After you show your work, what conversation follows? What happens during the next twelve seconds? Why twelve seconds? If our work is profound, we must allow our audience to submerge themselves before forming a thought/action/comment/next area of focus.
Action
Opportunities to Feel Nervous
What commitment have you made that generated a nervous feeling? Was it the uncertainty, the scale of the endeavor, the unknown result, the inability to de-commit?
Feeling nervous can be viewed as a privilege in some situations. We put ourselves on the starting line of a race by choice. However, it can also be generated by external forces, a deadline, a demand placed on us, or unfortunate circumstances. Nervousness heightens our senses, and we must react. We might feel isolated, as if on an island with insufficient space to gather resources and respond. Our mindset could be our most significant advantage or disadvantage at this moment. How we frame nervousness has a profound impact on how we act? Seeing a competition as a celebration of all the training we endured has a different feel than seeing a race as an event filled with moments of possible failure.
How might we embrace the privilege of nervousness (when appropriate) and celebrate the opportunity to act? How might we recognize that we may not always have the chance to feel nervous and this is a unique moment?
No More Time?
We will not know there is no more time until we cross some imagined or real threshold. Until then, the anxiety and panic of these alarming pronouncements claiming we are out of time feel insufficient (and liminal). How might we raise awareness and create pathways to change, informed by a limitation of duration but not stating we passed the endpoint? If we miss the last train/plane/bus, there is little we can do but wait in place (and perhaps sulk). If there are options to rejoin our journey, we should make those opportunities visible. Distracting the team by activating the alarm system creates distraction; we focus on evacuation when alarms sound instead of addressing the problem.
Chekhov’s Gun
Chekhov’s Gun is a narrative principle where an element introduced into a story first seems unimportant but will later take on great significance. The principle postulates that any seemingly unimportant element introduced into a story—an object, a character trait, a backstory, an allergy—should later have relevance. https://www.torontofilmschool.ca/blog/chekhovs-gun-definition-examples-and-tips/
What do you include in your organization’s plan that nods to future activity, and what is identified as a safety device? For example, an organization might title its expansion ‘Phase One’ to reference bigger plans in the future. Circus SR series of planes places a handle to activate a parachute to avoid catastrophic emergencies. Placing a ‘loaded gun’ on the stage can drive the narrative, or it might be a safety measure, with no intention of being deployed.

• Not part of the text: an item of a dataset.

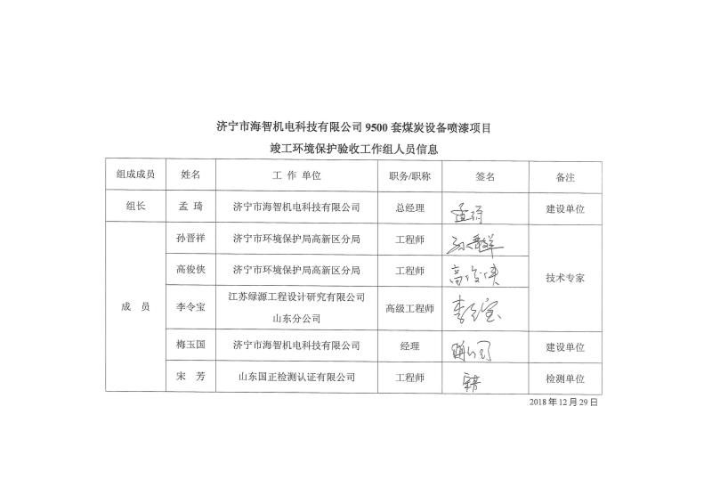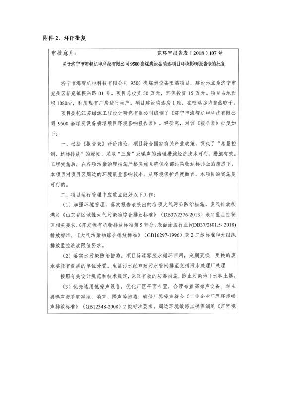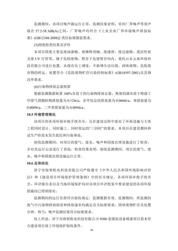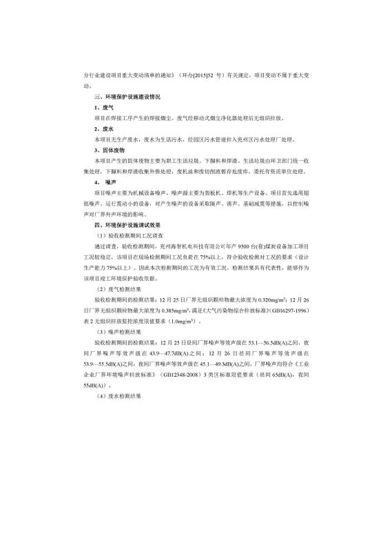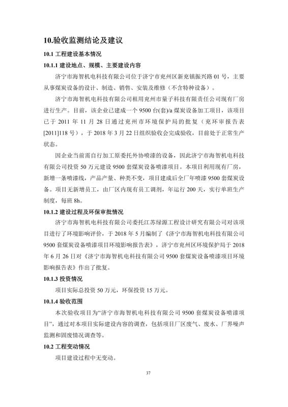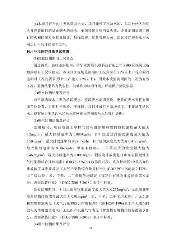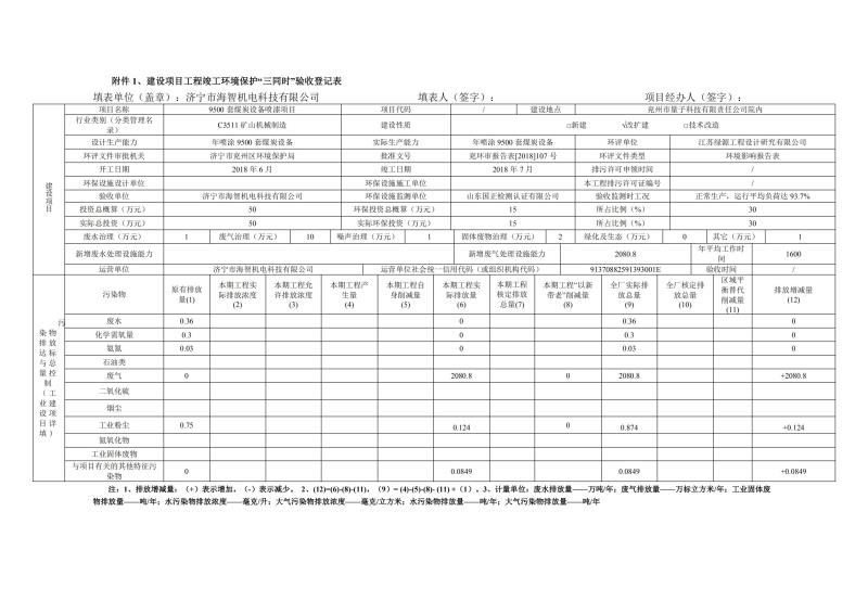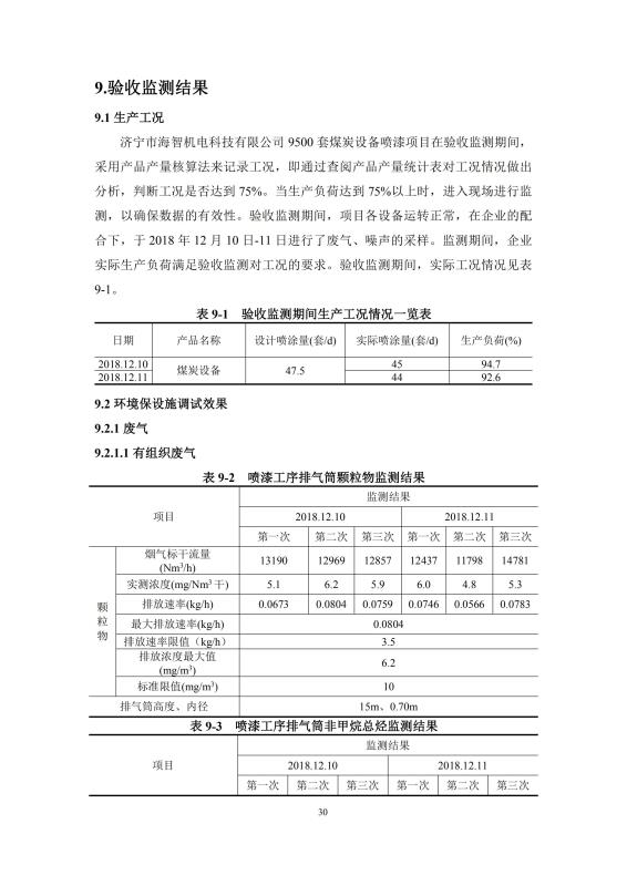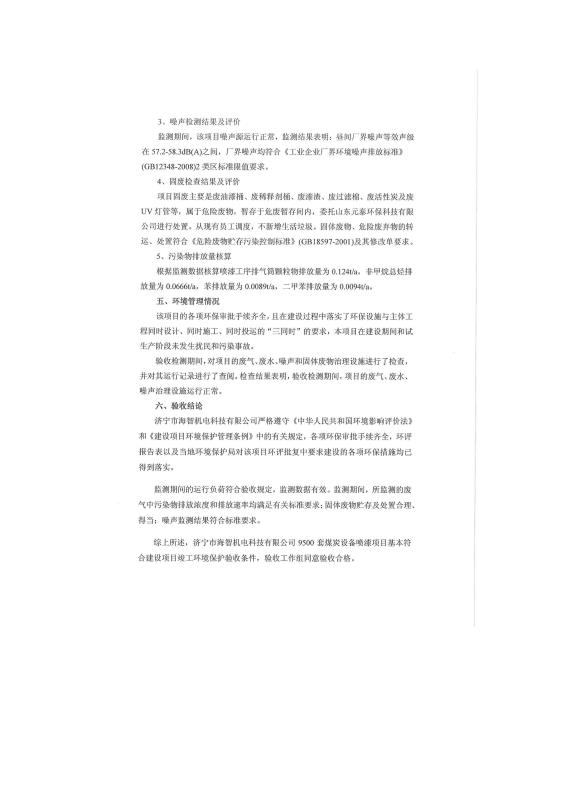 9500套煤炭設備噴漆項目竣工環境保護驗收監測報告

How might we monitor the intention of the devices highlighted in our plans? Without proper orientation, our team members might be waiting for us to activate the safety mechanism and be disappointed when we launch a future initiative.
The Sign Says
Placing a sign with an important message does not prevent the act. A poster is a method of trying to influence behavior. If the message does not resonate or is not part of the story people tell themselves, it is just some words, and the activity that we hope to shape for a different outcome continues unfettered.
Point of Information vs Point of Action

If you look at a ‘to do’ list, is it a point of information or point of action? If you login to a bank statement, receive a project update, weigh yourself, plan a gym workout, how do you respond? Is action necessary or is being informed satisfactory?
How might we inquire about establishing our mindset before reacting to our environment? A budget report with variances might need a brief review and acknowledgement. However, it might require immediate interventions to address a troubling trend.
Being clear before the starter’s pistol sounds means we have a plan and intention to act upon. Otherwise, we may just be pointed in the wrong direction, with inadequate equipment, and focused on an old course map.